Writing isn’t brain surgery, but it’s rare when someone adept at the latter is also so accomplished at the former. Searching for meaning and purpose in his life, Kalanithi pursued a doctorate in literature and had felt certain that he wouldn’t enter the field of medicine, in which his father and other members of his family excelled. “But I couldn’t let go of the question,” he writes, after realizing that his goals “didn’t quite fit in an English department.” “Where did biology, morality, literature and philosophy intersect?” So he decided to set aside his doctoral dissertation and belatedly prepare for medical school, which “would allow me a chance to find answers that are not in books, to find a different sort of sublime, to forge relationships with the suffering, and to keep following the question of what makes human life meaningful, even in the face of death and decay.” The author’s empathy undoubtedly made him an exceptional doctor, and the precision of his prose—as well as the moral purpose underscoring it—suggests that he could have written a good book on any subject he chose.
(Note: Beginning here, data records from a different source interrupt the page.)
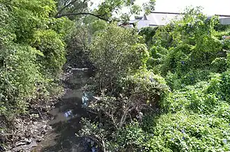 Sections of its upper reaches in Guildford and Merrylands have been channelized and piped underground as it passes under roads, playing fields and through housing development. It then flows through the suburbs of Granville and Clyde where it joins with A'Becketts Creek. In its lower reaches it is a tidal creek.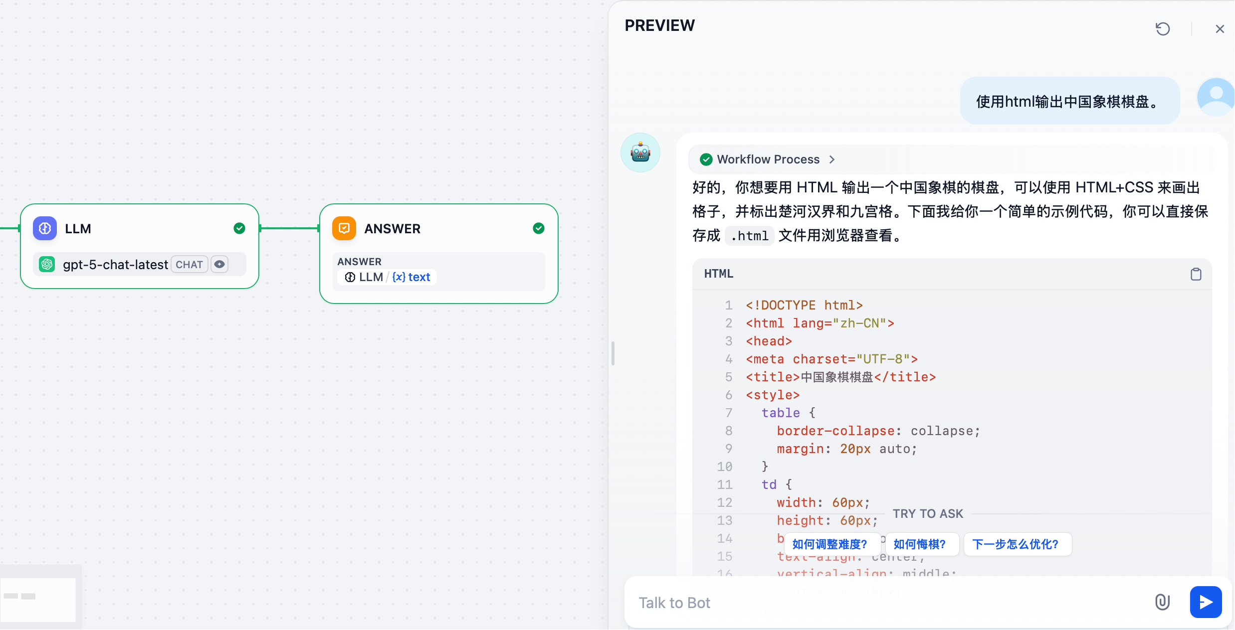 GPT5来了,编程能力强的一批,小白也能编程了的感觉。下面以中国象棋游戏,人机对弈为例,来展示一下过程,我使用的dify工作流来对接的GPT5。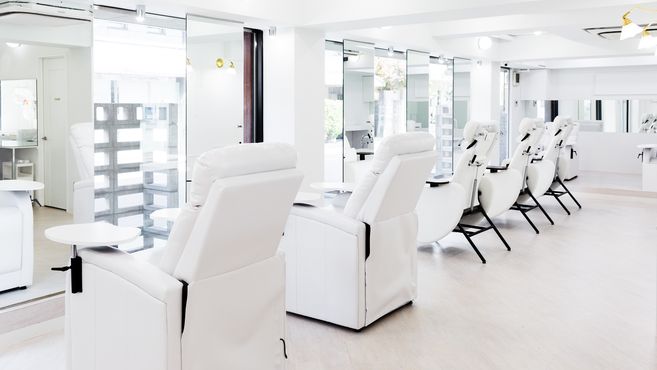 - 光が差し込む広々としたサロン店内は非日常を楽しんでいただける空間となっております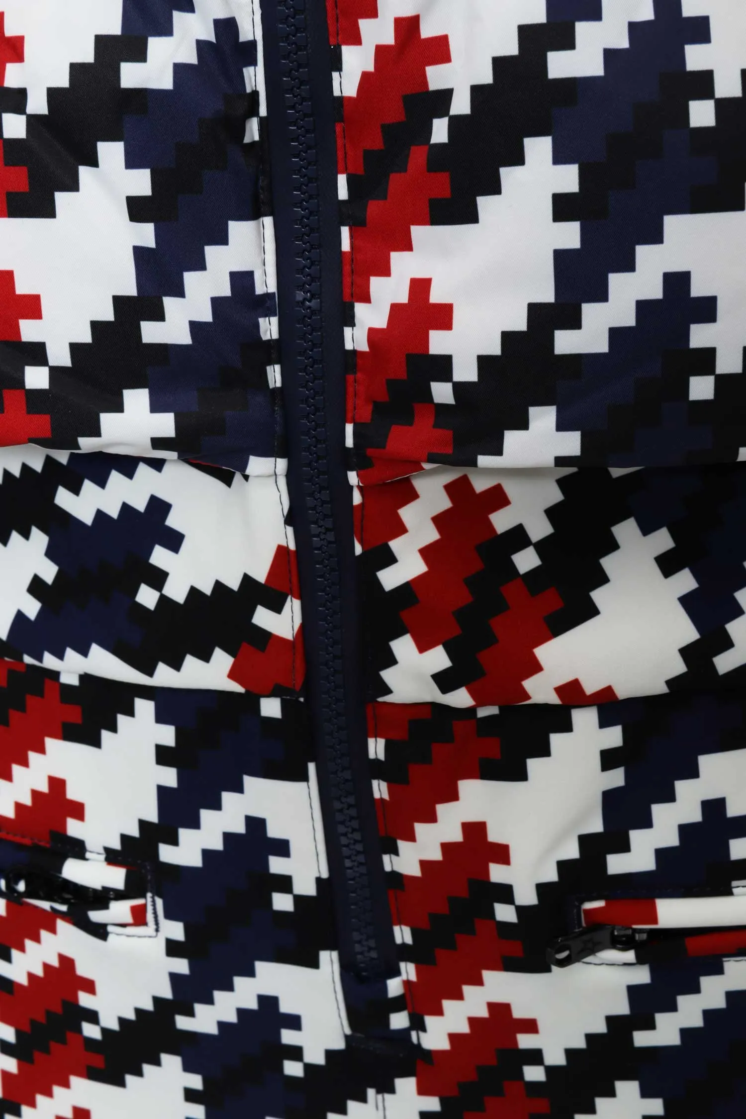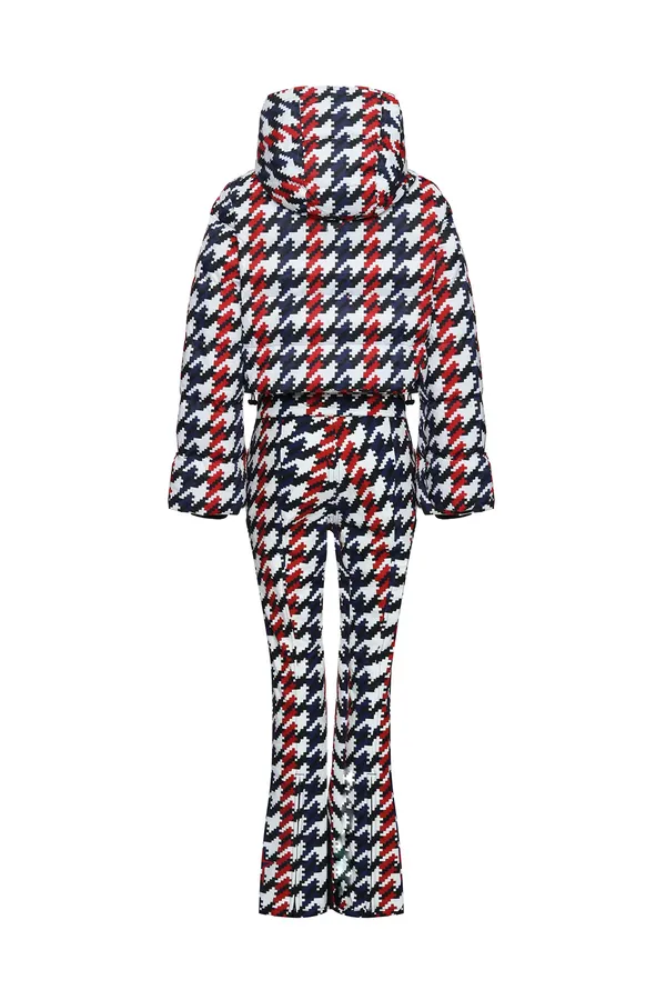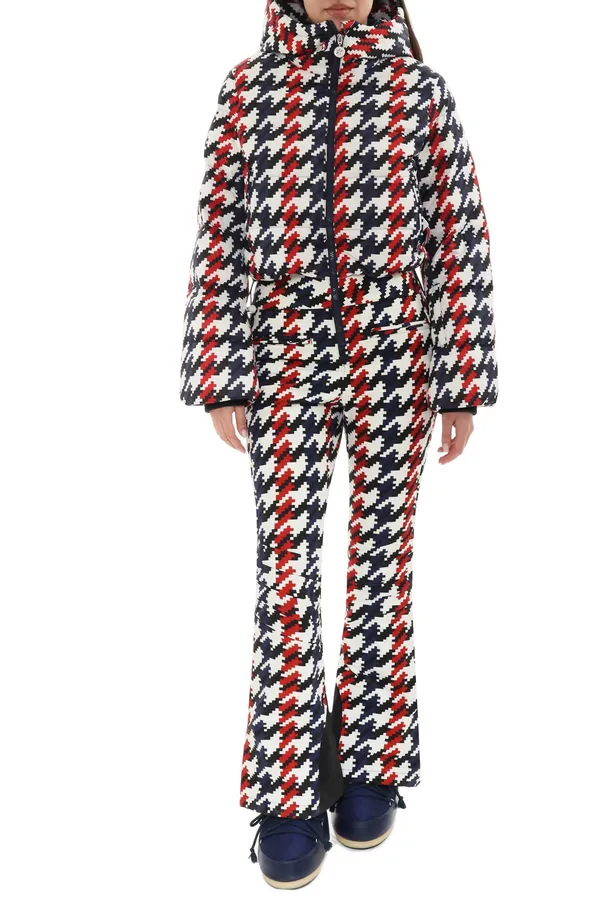 КОМБИНЕЗОН POLAR FLARE СИНЕ-БЕЛО-КРАСНЫЙ, КРУПНЫЙ ПРИНТ ГУСИНАЯ ЛАПКА, НА ПОЯСЕ КУЛИСКА, ТРИКОТАЖ.МАНЖЕТЫ, КАПЮШОН

Part of what makes this book so essential is the fact that it was written under a death sentence following the diagnosis that upended his life, just as he was preparing to end his residency and attract offers at the top of his profession. Kalanithi learned he might have 10 years to live or perhaps five. Should he return to neurosurgery (he could and did), or should he write (he also did)? Should he and his wife have a baby? They did, eight months before he died, which was less than two years after the original diagnosis. “The fact of death is unsettling,” he understates. “Yet there is no other way to live.”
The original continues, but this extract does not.